Statement Of The Hungarian American Coalition on the National Referendum to Grant Citizenship to Hungarians Outside Hungary

Washington, DC – We, members of the Hungarian American Coalition, have followed with interest and concern the passionate debate generated by the upcoming national referendum to be held in Hungary on December 5. On that day voters will be asked to decide whether Parliament should adopt legislation to grant citizenship with modified requirements to those Hungarians who live outside the borders of Hungary.

Many European nations, including France, Germany, Ireland and Spain have granted citizenship to their co-nationals living outside their country. Among Hungary’s immediate neighbors, Romania and Croatia also have a large number of citizens living beyond their political boundaries. Each of these countries has been able to structure a fair and equitable system of social benefits for resident and non-resident citizens alike.

A “yes” vote in Hungary on December 5th would only be the first step in the process, as it would empower the Parliament to enact legislation specifying benefits and defining requirements for granting citizenship to Hungarians living abroad. Parliament must then pass the law with the modified requirements for citizenship with a two-thirds majority.

Since 1920, the borders of the Hungarian nation of 15 million have not coincided with the borders of the Hungarian state, having a population of 10 million. Thus, the relationship of Hungarian co-nationals to Hungary has long been a question of national strategy that needed to be resolved. As a country, it is often said, Hungary is surrounded by itself, since over three million ethnic Hungarians involuntarily found themselves citizens of a foreign country when Hungary’s borders were drastically redrawn. For thousands of Hungarians who have lived as second-class citizens and have suffered discrimination as members of a historic national minority, regaining their Hungarian citizenship means both the formal declaration of their ethnic belonging and, at long last, the partial redress of historical injustices.

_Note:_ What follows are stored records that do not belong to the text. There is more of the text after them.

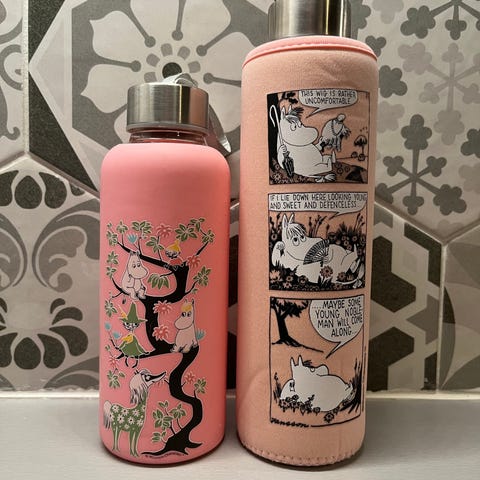 Hadeland Glassverk Moomin vannflaske med en kapasitet på 0,5 liter. Flaska er laget av glass og leveres med beskyttende trekk. Designet har motiv fra Mummifigurene Snorkmaiden og Snorkfrøken.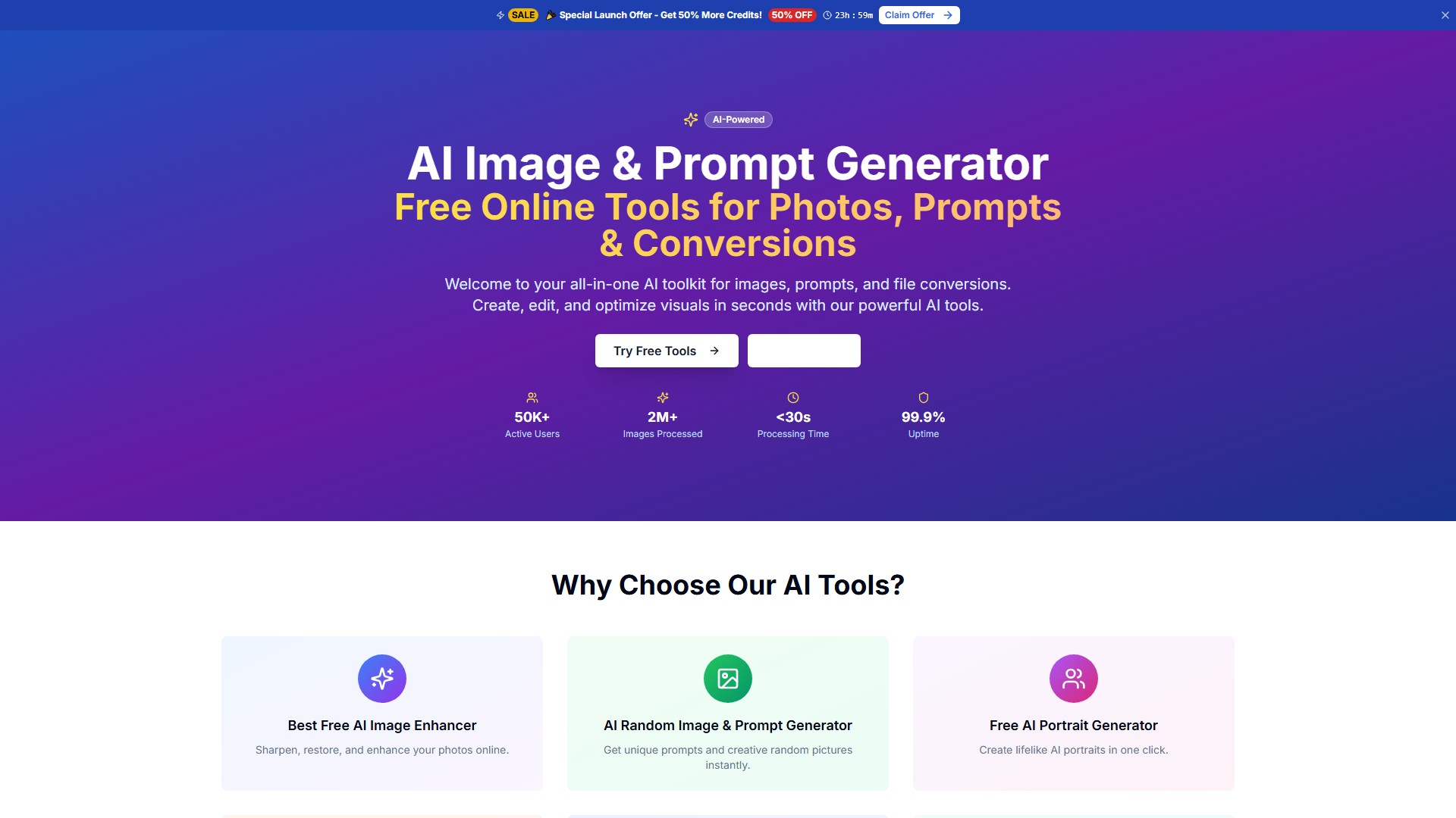 Operates on a freemium model. A variety of free tools are available for daily use, while advanced features require purchasing credits. A special launch offer is currently available, giving users 50% more credits on purchase.
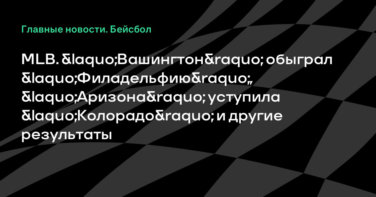 MLB. «Вашингтон» обыграл «Филадельфию», «Аризона» уступила «Колорадо» и другие результаты
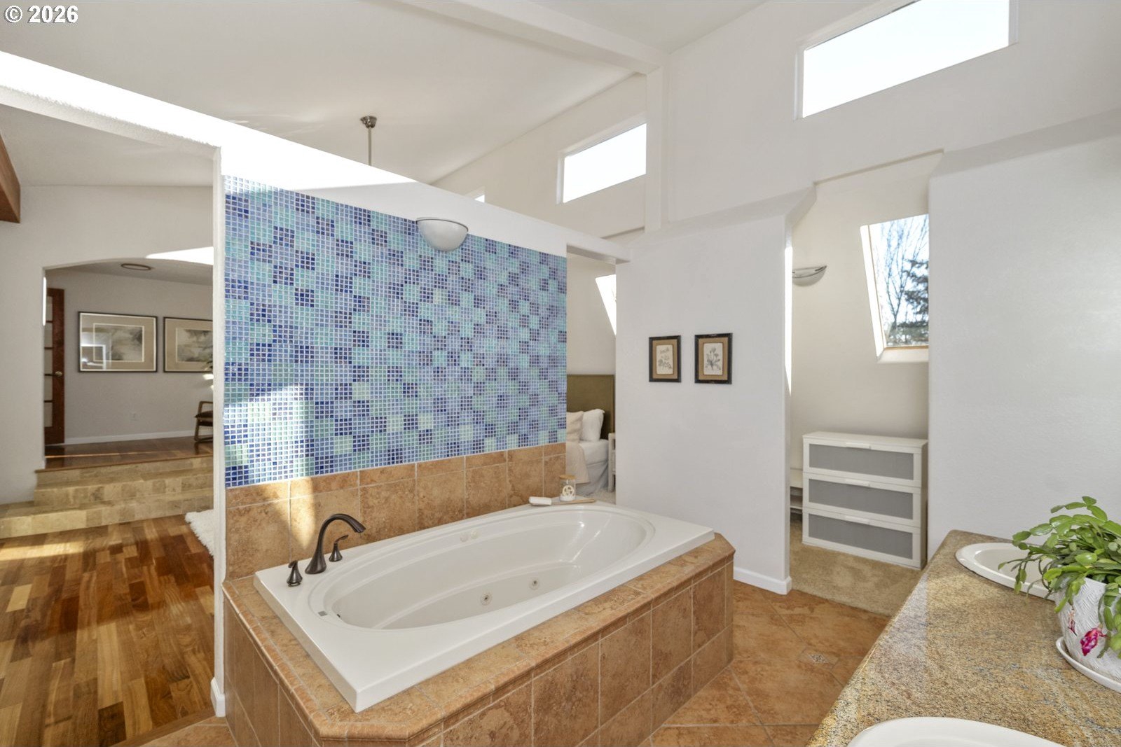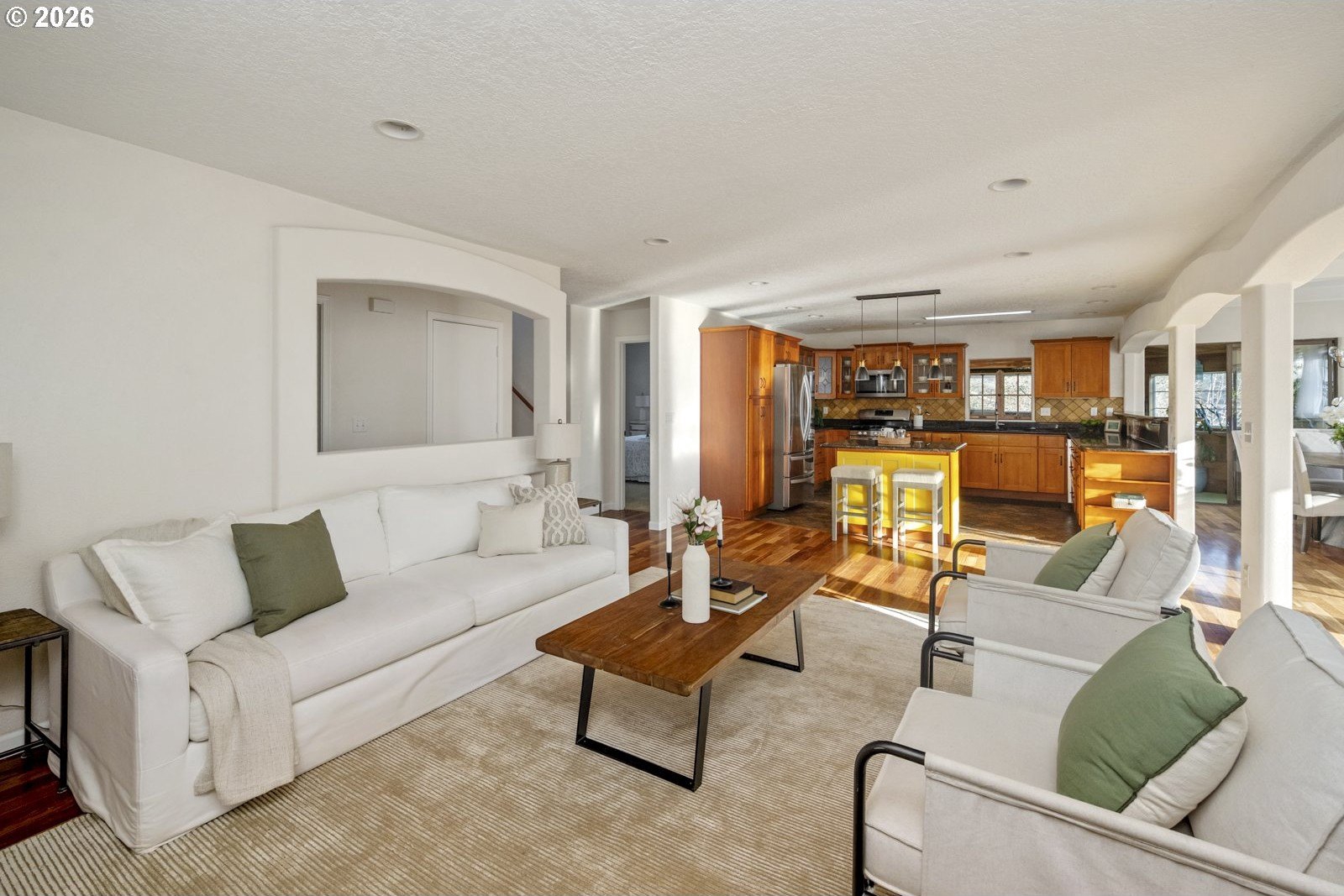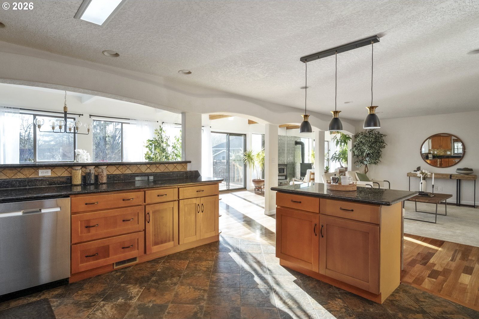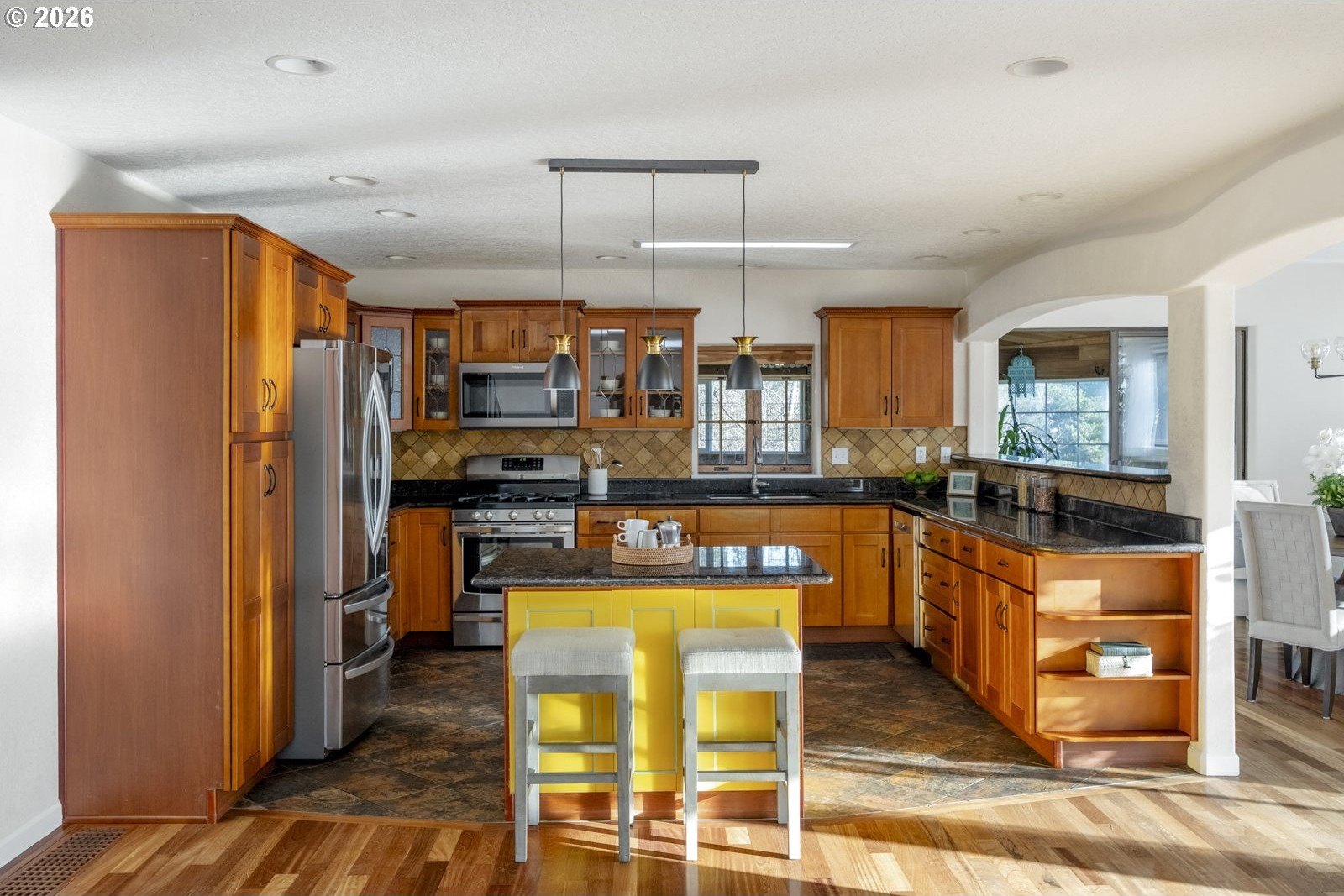 Located on a private quarter-acre with views over the neighborhood, this thoughtfully remodeled home offers architectural character, exceptional privacy, and a peaceful setting in a safe, established neighborhood.Brazilian cherry hardwood floors, vaulted ceilings, wood-wrapped beams, and graceful arches create warmth and visual interest throughout. The spacious kitchen serves as the heart of the home, ideal for both daily living and entertaining, with cherry cabinetry, granite countertops, and stainless steel appliances. Living spaces are filled with natural light and anchored by a cozy wood stove, while a wood-paneled game room adds versatility. Unique architectural elements include a third-floor loft perfect for an art studio or creative space, as well as an office loft overlooking the main living area. The primary suite features a private covered balcony with views of the front of the property-an inviting spot for morning coffee-along with an en-suite bath offering vaulted ceilings, a jetted tub, and walk-in shower. Ample parking includes a two-car garage with custom doors, a two-car carport, and dedicated RV parking. New roof, hot water heater, paint, lights and hardware. Enjoy a highly walkable location just minutes from Starbucks and New Seasons Market. This home blends privacy, thoughtful design, and everyday livability in a truly distinctive setting....don't miss it! [Home Energy Score = 2. HES Report

Many of us Hungarian Americans who were constrained to flee our homeland were declared non-citizens by the communist government of Hungary. Our pride in our ethnic identity, however, never diminished, and during the past 15 years we have been able to return to Hungary whenever we wished and, quite a few of us have regained our lost Hungarian citizenship.

That is why we hope Hungarian voters will turn out in large numbers on December 5th, and vote “yes,” urging the Hungarian Parliament to create a fair and generous law to return the right of citizenship unjustly denied to Hungarians. We are certain that both the country and the nation of Hungary will be the richer for it.